Krista Belle Stewart is a member of the Upper Nicola Band of the Sylix/Okanagan Nation and a Vancouver-based artist. Stewart works with video, land, performance, photography, textiles, and sound, drawing out personal and political narratives inherent in archival materials while questioning their articulation in institutional histories. For Earthbound Mnemonic (2019), Stewart used as source material a photograph of tiles she made out of earth from her home in Spaxomin, which she then digitally manipulated and coloured in red and copper to create a visually and contextually multilayered work

Click to download Tania Willard’s essay “Orthogonal Heart Line: Intersecting the Colonial Grid” (PDF) on Stewart’s work.

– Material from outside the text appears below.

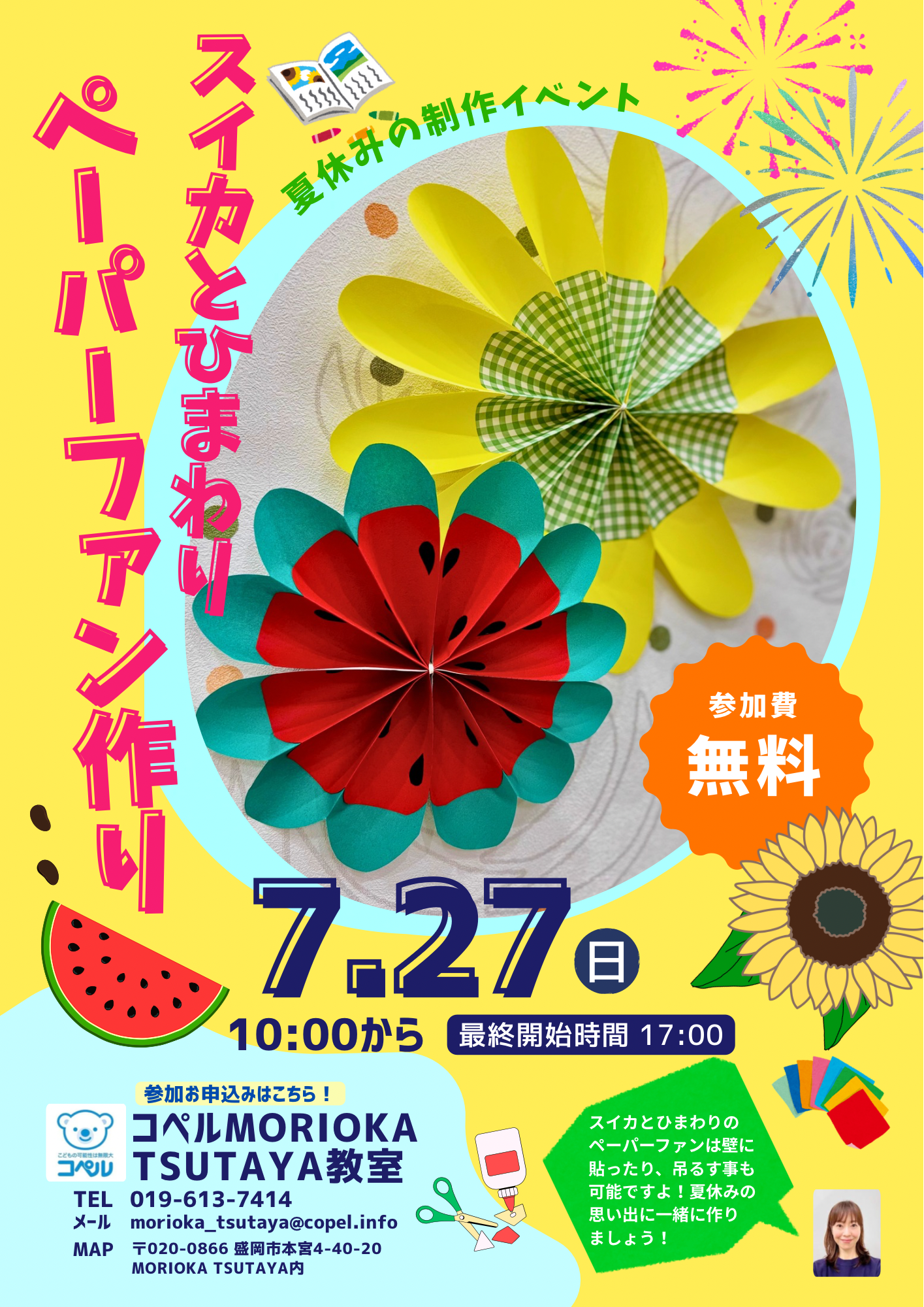 MORIOKATSUTAYA教室│スイカとひまわりのペーパーファン作り
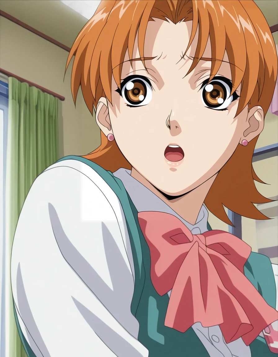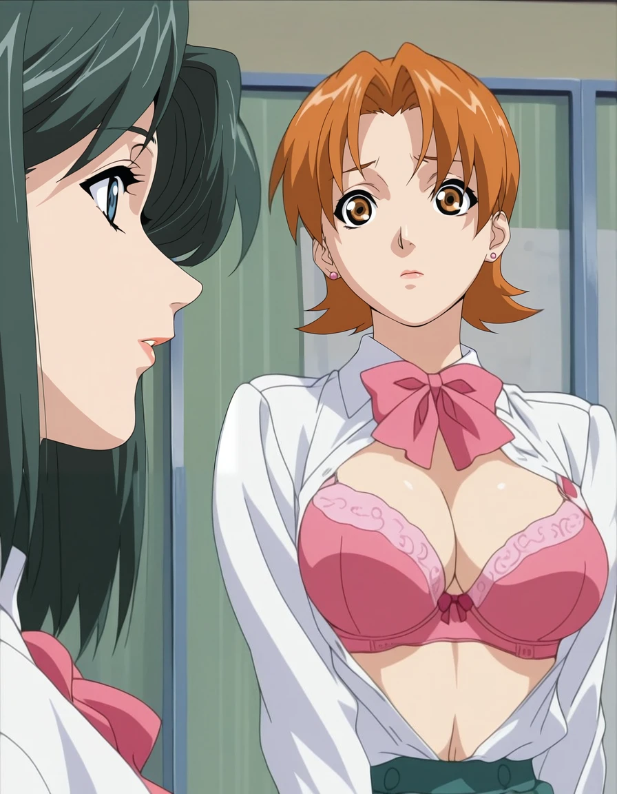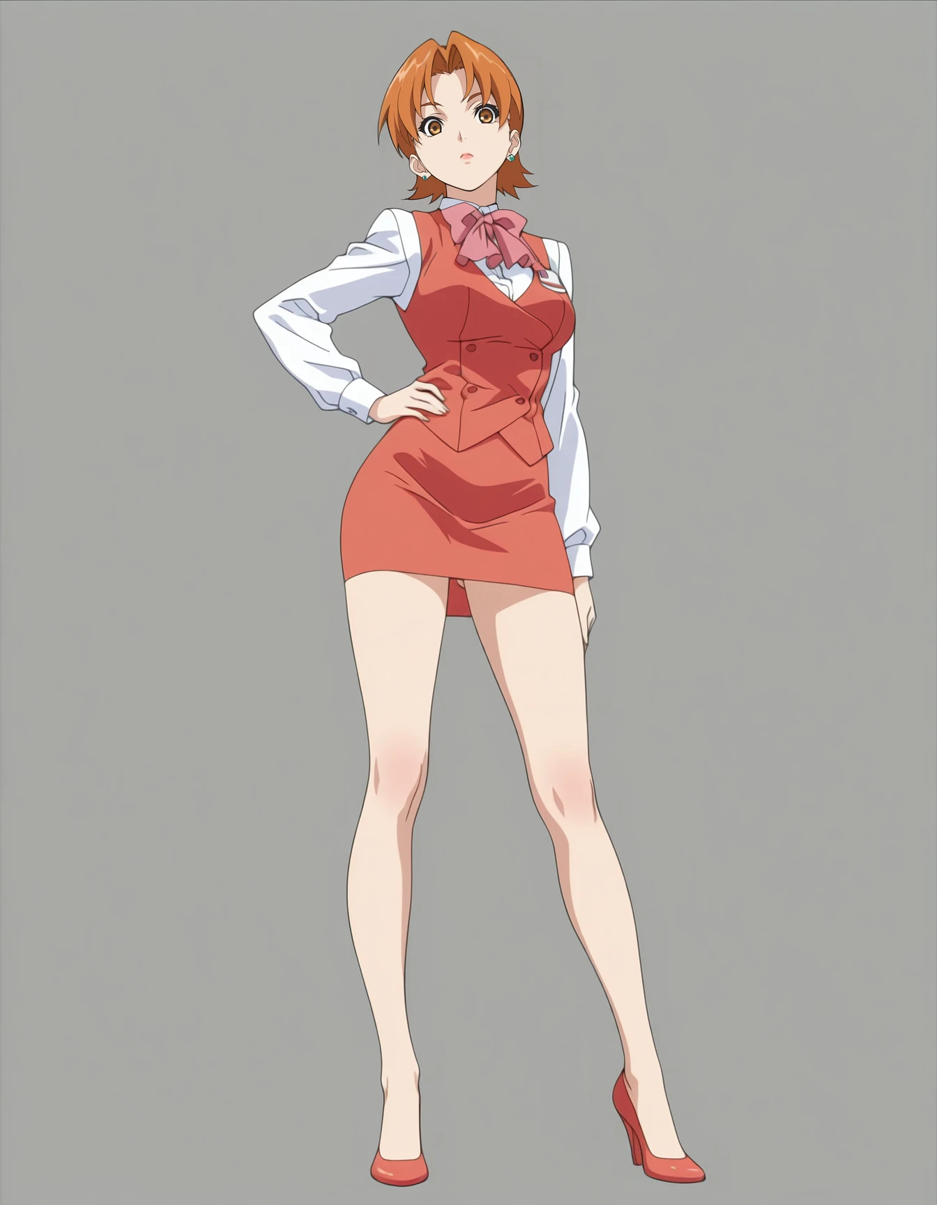mai_lingeries,mai_mayumi_fujiyama,short_hair,orange_hair,brown_eyes,earrings,lipstick,pink_bow,vest,pencil_skirt

Completed in 1954, the BC Hydro’s Dal Grauer Substation was designed by the young architect Ned Pratt and artist B. C. Binning. The building was commissioned by the B.C. Electric Company, under the helm of then-president Edward Albert “Dal” Grauer, to bridge functional design and public art. The substation would go on to serve as a three-dimensional “canvas” that was said to resemble a Piet Mondrian or De Stijl painting.

The modernist philosophy with which the building was designed emphasizes the link between art, architecture, and everyday life. With this in mind, Capture Photography Festival has commissioned artists annually to create new site-specific works to be installed on the Dal Grauer Substation’s facade. Drawing on the building itself, these projects temporarily emphasize the substation in the streetscape and reassert it as an architectural icon.